14 thoughts on “12 Lessons from Successful Social Media Journeys

  1. I guess it depends what your goals are, but I’m going to have to disagree with “[i]f you don’t have to say it, and it might offend some people, it’s probably better you didn’t share.”

    A bit of self-censorship is probably a good idea. Or at the very least thinking twice before posting something, but if everybody acted on the Internet in order minimize the # of people they offend, many fewer interesting ideas would get discussed.

    1. This depends on a number of things. If you’re just talking about your own personal interactions, I’d recommend that you do offend some people once in a while, because if you’re not, you’re probably not being completely honest and forthright. Express your thoughts with confidence, and you’ll offend someone, I guarantee it ^_^

      For a business account type of situation however, you may want to take a step back before taking a strong stand on something while representing your brand. Remember that your opinion, while it doesn’t represent the rest of your company’s opinion, will be perceived as a representation of your company’s brand.

  2. Good stuff. This is an enormous subject; very difficult to distill down to bullets, but this is a great start.

    Pieces like this remind me all the time just how valuable an employee can be who “gets” this stuff AND has the ability to integrate the tools and activities into a company’s existing strategy.

    1. Thanks Don. It’s impossible, even at this point, for anyone to fully grasp these concepts without making any mistakes. As long as we’re away of these mistakes however, we can all become more valuable employees, or more valuable in our careers.

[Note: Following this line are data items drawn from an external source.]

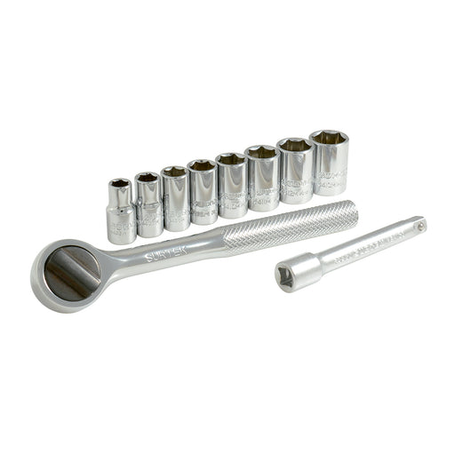 Juego de dados y accesorios cuadro de 1/4" métrico, 10 piezas Surtek
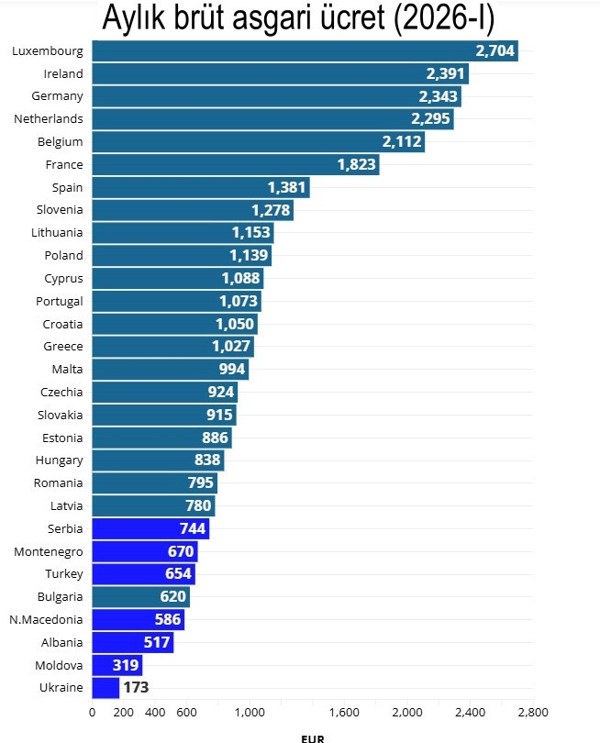 Türkiye’de 2026 yılı başı itibarıyla aylık brüt asgari ücret 654 Euro seviyesinde bulunuyor. Bu rakam, Avrupa ülkeleriyle karşılaştırıldığında Türkiye alt sıralarda yer alıyor.
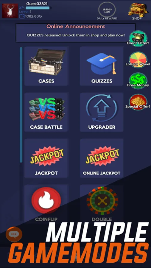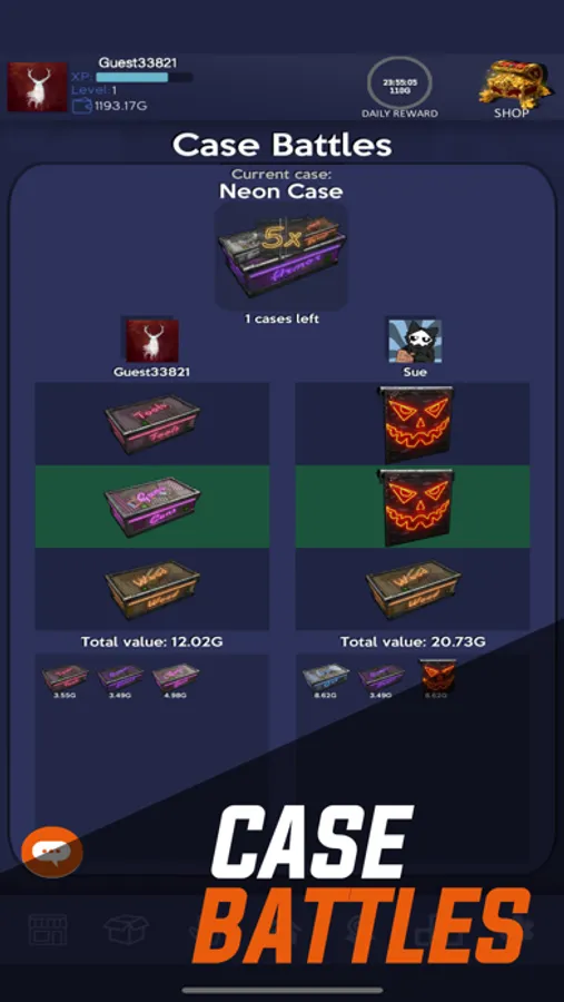 - Case Battles - Get more expensive items from cases than opponents and win!
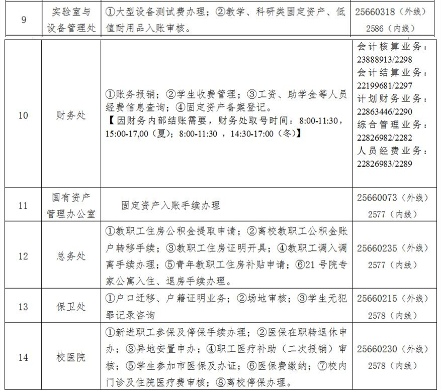 第一批将有党政办公室、教务处、科研处、社科处、人事处、学生处、研究生院、国际交流处、实验室与设备管理处、财务处、国有资产管理办公室、总务处、保卫处、校医院等14个单位进驻,可办理服务事项58项(见下表)。试运行期间办理事项可能进行调整完善,请以校园网和办事大厅大屏幕最新公布为准。
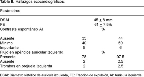 Hallazgos ecocardiográficos. El diámetro promedio de la AI fue de 45 ± 8.4 cm (extremos 29-60), la fracción de expulsión del ventrículo izquierdo de 61 ± 7.5%; el grado de contraste espontáneo en la AI fue ausente en 35 pacientes, mínimo en 40 e importante en cinco, en cuanto a flujo en el AAI, 78 tenían tipo II y dos tipo III, en dos pacientes detectamos trombos en AAI (Tabla II). La función contráctil de la AI valorada a la semana poscardioversión, mostró recuperación más rápida en los pacientes con FA de menos tiempo de evolución 42.35 ± 20.30 vs 32.40 ± 16.35 (cm/sec).
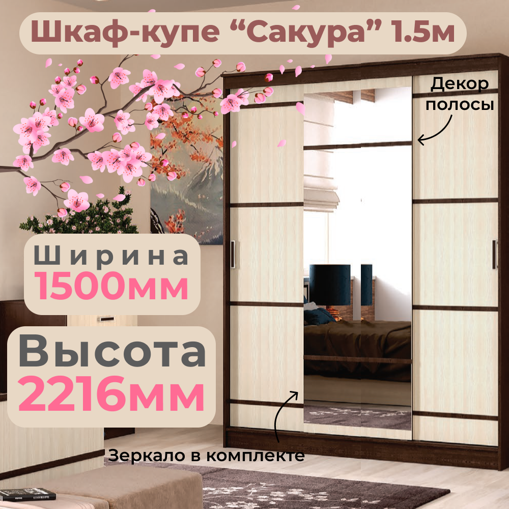 "Сакура" шкаф-купе 1,5м (1500х2216х610) венге/лоредо снято С производства шт
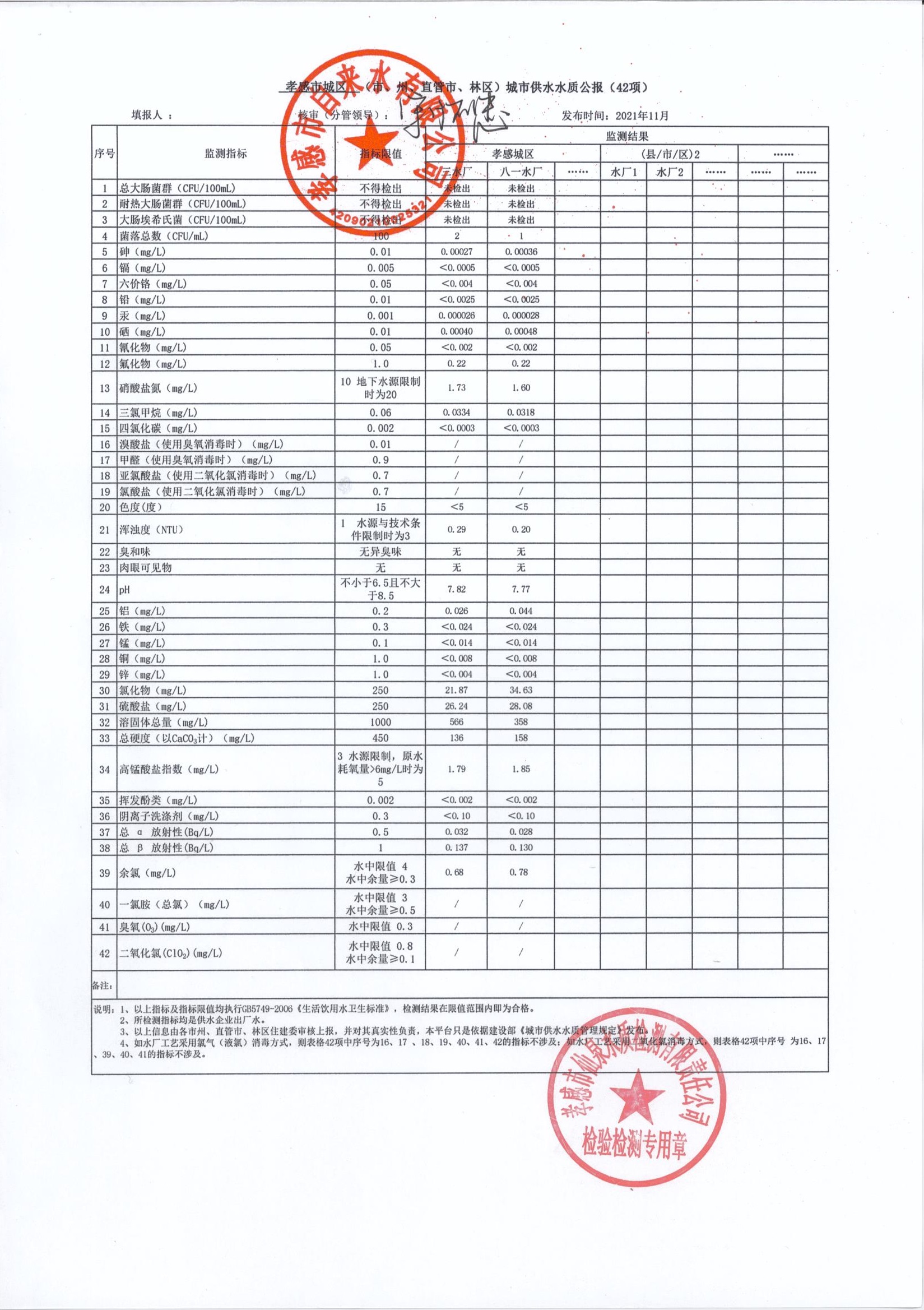 2021年11月水質(zhì)報(bào)告
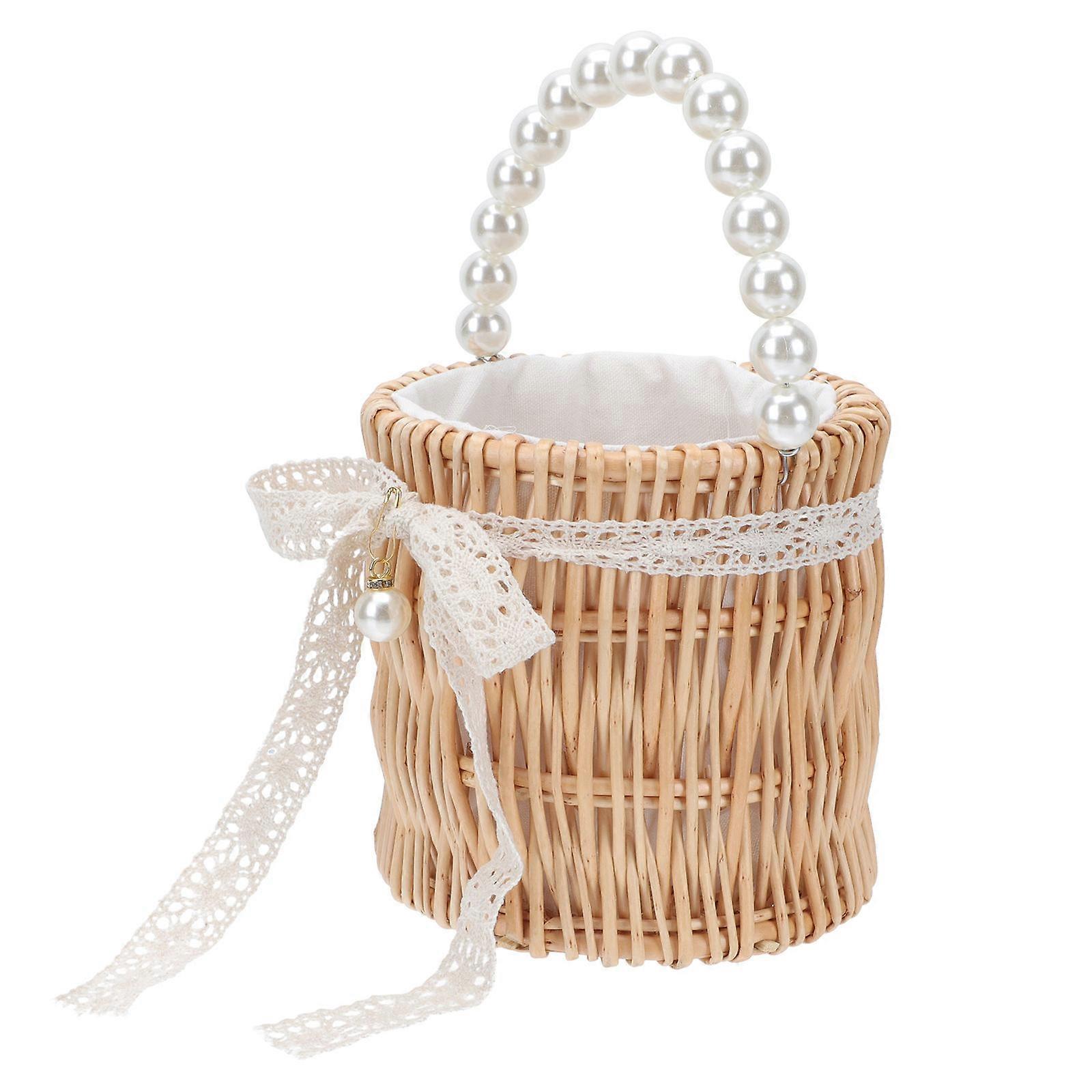 Straw Woven Bag Round Hand-Woven Handbag for Decoration Use 1Pcs

  3. David. Thanks for including me and it is a great list of tips for sure. However, I will say this, “Best Practices can limit creativity”. Don’t get stuck limiting yourself to the thinking of others. Collaborate, connect and be creative!

  4. David: Great list and great sources! Social Media is such a fluid environment, it’s good to circle back with a few hard and fast “reality checks” every now and then. Implied in all twelve points resides the most important of all: “Have a plan.”

  5. An excellent piece David, really summarises things nicely. The title of Point 10 might be better as the phrase from the body about reward the customers “that count”.

    Also, you just mentioned briefly the evangelists. While you cannot and should not try to control them, treated correctly they are possibly your most powerful marketing tool in this medium. Perhaps you could share your thoughts on how to retain, reward and encourage evangelists 🙂

  6. Very well said David. If more people understood those twelve tenets the social media world would be a lot less noisy and a lot more cohesive. I especially like tenets 7 through 10.